I need to setup an environment made up of multiple MTAs to accept incoming mail, in load balance configuration. One of the requirements is bandwidth quotas for sasl users; due to the fact that we can't predict which server the user will submit mail to, every MTA must perform policy delegation against one single backend. What is the best way to accomplish this task? I thought about 2 possibilities:1) x MTAs + x policyd daemons (one for every MTA server) + 1 external db 2) x MTAs + 1 external policyd daemon (used by all MTAs) + 1 external db
Both of these should work. The load levels really depend on how complex policies you setup, how many of them ... etc.
I personally would start off with 1 policyd server and monitor the CPU usage, should policyd be munching quite a chunk one may want to try optimize the policies or maybe even put a policyd instance on each machine.
AFAIK, possibility n.1 could lead to a race condition on the db: each policyd daemon could overwrite results previously written by others about the current cumulative size of mail submitted by a user. Am I right?
As far as I recall this *could* affect only an insert, not an update. The chances are you'll get a mail from the same sender, to the same recipient from the same IP both at the exact instant on 2 servers is rather remotely. One instance may generate a DEFER due to a DB insert error.

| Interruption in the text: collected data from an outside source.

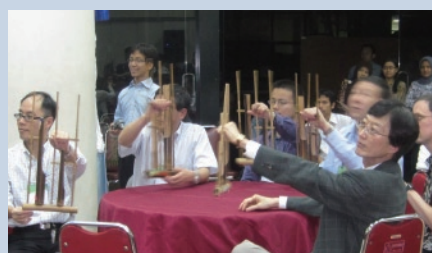
ITB AOTULE Banquet and cultural activity 2010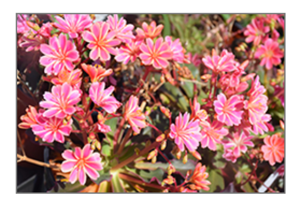
Rainbow Mix Bitterroot flowers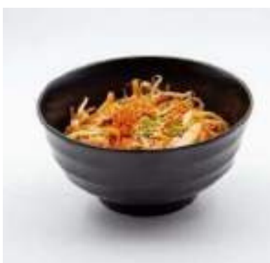
TIGER PRAWNS NOODLES TIGER PRAWNS, VEGETABLES WITH YAKISOBA SAUCE AND NOODLES £20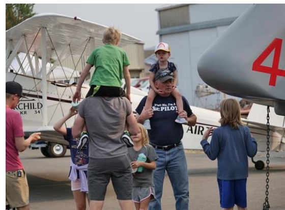
Everyone old and young enjoying airplanes.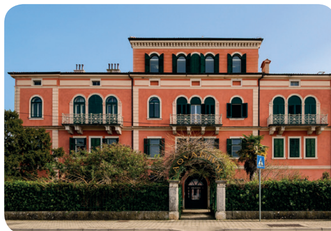
Centre for Marine Research of the Ruđer Bošković Institute

The scientific library of the Centre is located in the former medieval St. Gotard's Church.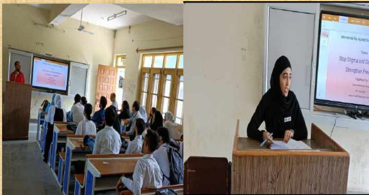
One day seminar on the eve of 'International Day against Drug Abuse and Illicit Trafficking' was organized on 26/06/2023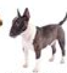
Miniature Bull Terrier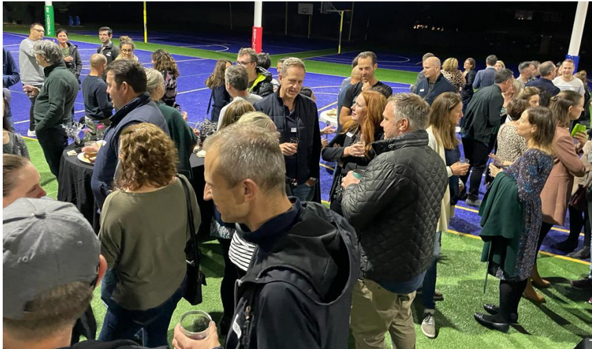
Wine and Cheese Night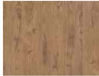
CHESTNUT BALTIC unbevelled, brushed, Twist PLUS varnished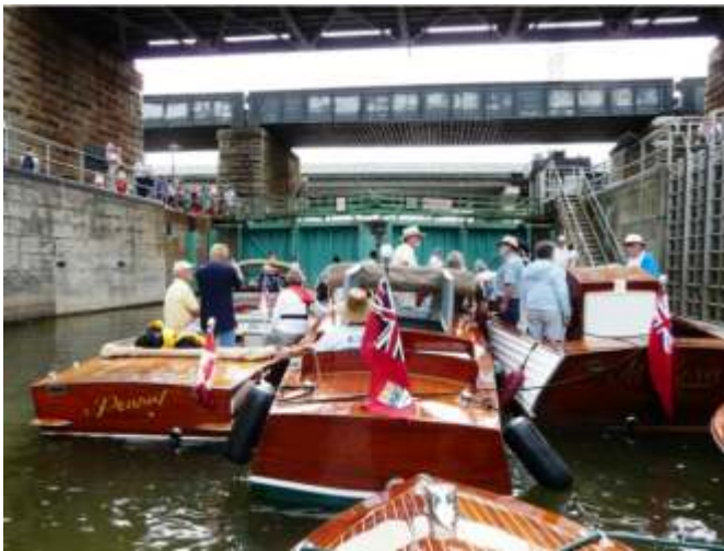
St Anne de Bellevue lock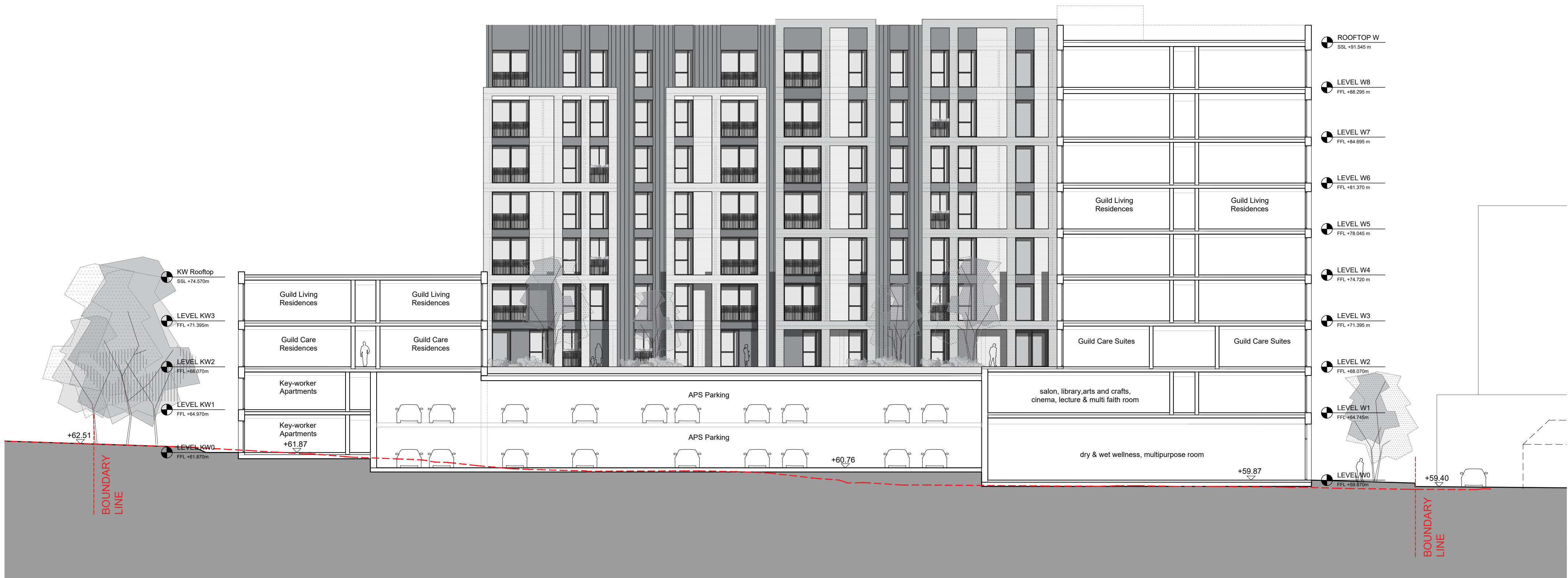
BUILDING SECTION EE'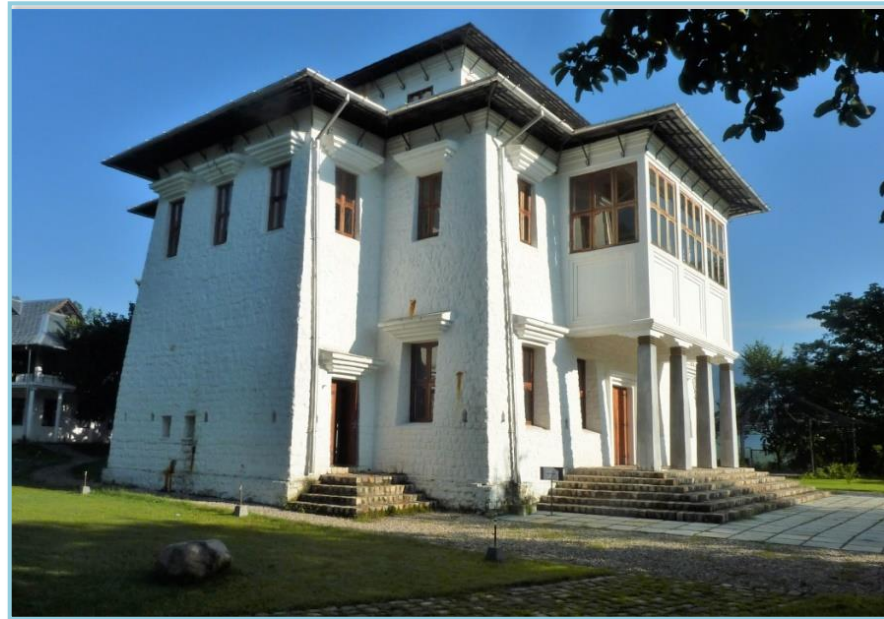
Main teaching building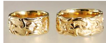
Lot # 120

119 14kt yellow gold diamond and sapphire ring. $50 - $100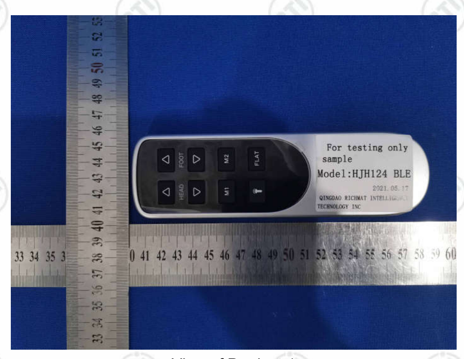
View of Product-1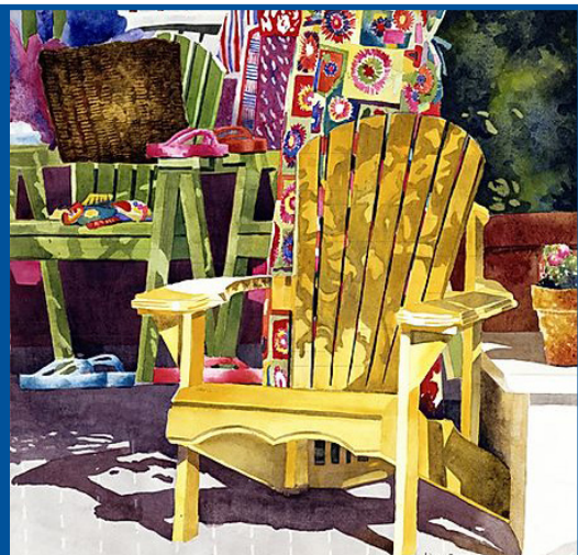
"All Decked Out"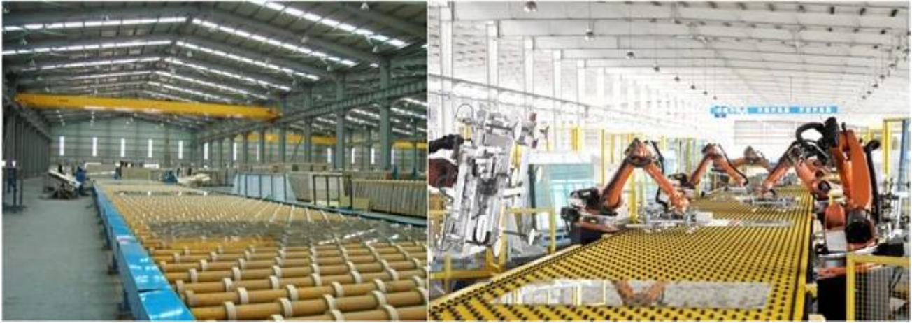
Clear Float Glass Strong Packing and Safety Loading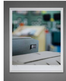
Title: Detail XII Date: 2012 Primary Maker: Thomas Demand Medium: pigment print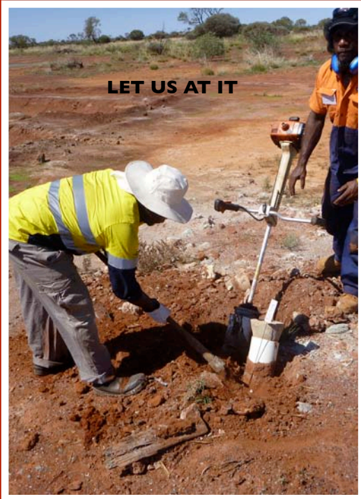
LET US AT IT

If so, is possibility n.2 the only viable option? How will a single policyd daemon deal with the load of multiple (let's say 5) high-traffic (>20.000 mail/day/mta) MTAs? Of course I'll set the number of policyd concurrent threads accurately.
It really depends on how complex your rules are as per above, I'd try it out if I were you with 1 server and see how the load goes. I don't foresee a problem, on a pretty standard install with about 1M message a day I've seen a policyd server run with maybe 5% CPU on a dual Xeon with 4Gb RAM.